Driven to the extremities by subsequent invading armies, the abundance of sea in this region makes it rare for any native to be depicted as an occupational landlubber - a word I find unsightly, possibly even unnecessarily derogatory. I think the word might better be supplanted by…

Cornwall sits on the cusp of the European continent, strategically placed to lever its avaricious arm towards the sea-faring Spanish ships returning from exploits in the West Indies which they had begun to colonise in the sixteenth century. From these times, legends emerged of sea-dogs, buccaneers and privateers, heroes or villains who pilfered and pillaged homeward-bound Spaniards steeped with spoliation from their travails in the South Americas.
Popular allegories set within the aeon of piracy would assert that women sea-bitches would be the ruination of male morality, instigators of mutiny and harbingers of oceanic catastrophe. Instead, sea-dogs would have to make do by melding the ship’s masthead into a buxom and half-naked woman to augur good luck and fair sailing.
It is from such mythos that the Cornish piratical stereotype sank deep into the English psyche, lingering long after the epoch has dissolved. Naturally, women from such times were almost always Greenbottoms for the high seas were considered no place for those denoted as the ‘fairer sex’. Just like everywhere else then. Our blandness in history means women’s stories simply…
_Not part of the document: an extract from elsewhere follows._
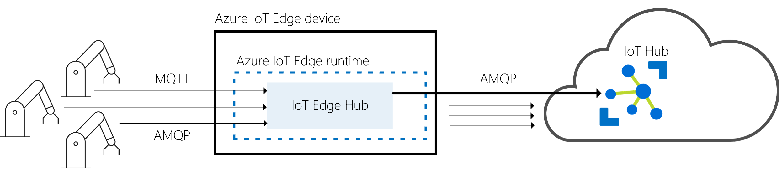 IoT Edge 中心是构成 Azure IoT Edge 运行时的另一个模块。 它通过公开与 IoT 中心相同的协议终结点,充当 IoT 中心的本地代理。 这种一致性意味着客户端可以连接到 IoT Edge 运行时,就像连接到 IoT 中心一样。
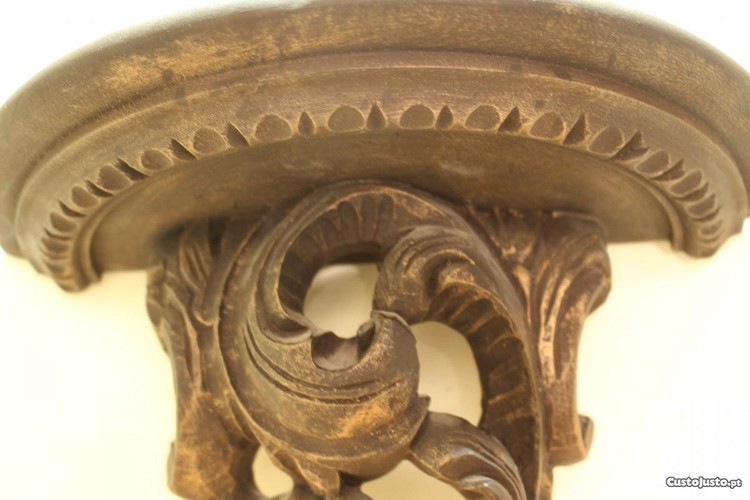 Peça muito trabalhada em bloco de madeira maciça, a pintura tem veios dourados

Unless, of course, one considers sea-faring a family business, which the esteemed leader of the country, and royal commander of the realm, certainly would have in the 1500s. It was this century that saw England herald its first female regnant queen. Alas, it is somewhat unfortunate that neither the historians of today, nor the noble folk of times long gone, readily agree upon who lays claim to the title “First Queen of England”.
Naturally, primogeniture preferred a child son over an adult daughter as much as it required conjugal offspring over misbegotten conception. Thus, the Protestant King, Edward VI, Jane Seyour’s first and only born child, and Henry’s first legitimate son from three marriages, acceded the throne in 1547.
Edward VI was just aged nine, seventeen years younger than his half-sister Mary, the Catholic half-Spanish daughter of the divorced Catherine of Aragon, and four years younger than his half-sister from yet another mother, Elizabeth.
Elizabeth was the Protestant daughter of the beheaded second wife, the accused-adulteress Anne Boleyn. Conflictingly, even back then the thirteen year old’s constitutional legitimacy was deemed tendentious in religious and constitutional circles not only for the sins of the alleged adulteress mother but also for the bigamous remarriage of her father.
Thus, the death of the fifteen-year-old Edward VI created a complicated lineage headache for all and sundry, worsened by a dearth of potential male heirs from whom the teenaged Edward could nominate to accede to his throne. It does leave one to ponder upon what he saw in the similarly-aged Lady Jane Grey, Protestant niece of Henry VIII?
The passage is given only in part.